Sussex hospitals: Unprecedented seven-day critical incident ends
- Published
An unprecedented seven-day critical incident across hospitals in Sussex has ended.
Declaring a critical incident allowed the cancellation of non-emergency procedures to relieve pressure on A&E departments, particularly at the Royal County Hospital in Brighton.
A critical incident is still in place across the area run by the Surrey Heartlands Health and Care Partnership.
Managers say that situation is being reviewed on a daily basis.
Hospitals in Sussex are now in a state of "business continuity", NHS Sussex said in a statement. Planned operations and appointments will now resume, while some extra measures stay in place.
Measures that will continue in Sussex include recruiting more staff, increasing the use of virtual wards to allow some patients to be treated at home and finding capacity to treat children with strep A away from hospitals.

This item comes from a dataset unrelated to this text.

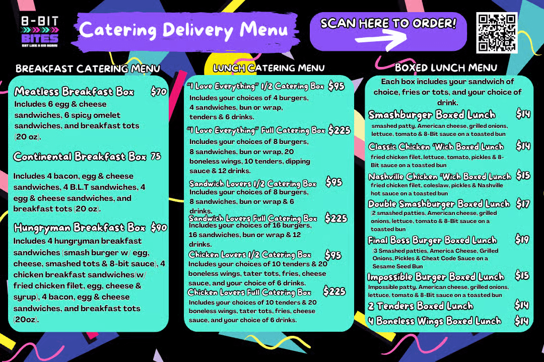 At 8 Bit Bites, we serve bold flavors with a nostalgic spin. Our menu is fully Halal and packed with smash burgers, fried chicken sandwiches, tenders, wings, loaded sides, tots, and shakes, all inspired by the energy of the 80s and 90s. It is food that feels fun, satisfying, and made for anyone who still eats with childhood joy.

Patients are being asked to only use 999 and A&E services for serious or life-threatening emergencies.
Analysis
by Mark Norman, Health Correspondent, BBC South East
For the NHS across Sussex this has been one of, perhaps the most, challenging periods.
Many staff have told me they have never seen the health service struggle to the extent it has since before Christmas.
Huge demand from patients, Covid, flu and strep A have all contributed to every aspect of the health system being almost overwhelmed.
GPs, ambulance services, hospital A&E departments and social care services have all struggled and despite stepping back from critical incident status no-one is kidding themselves that everything is back to normal.
In fact, the fear is this is now the new normal.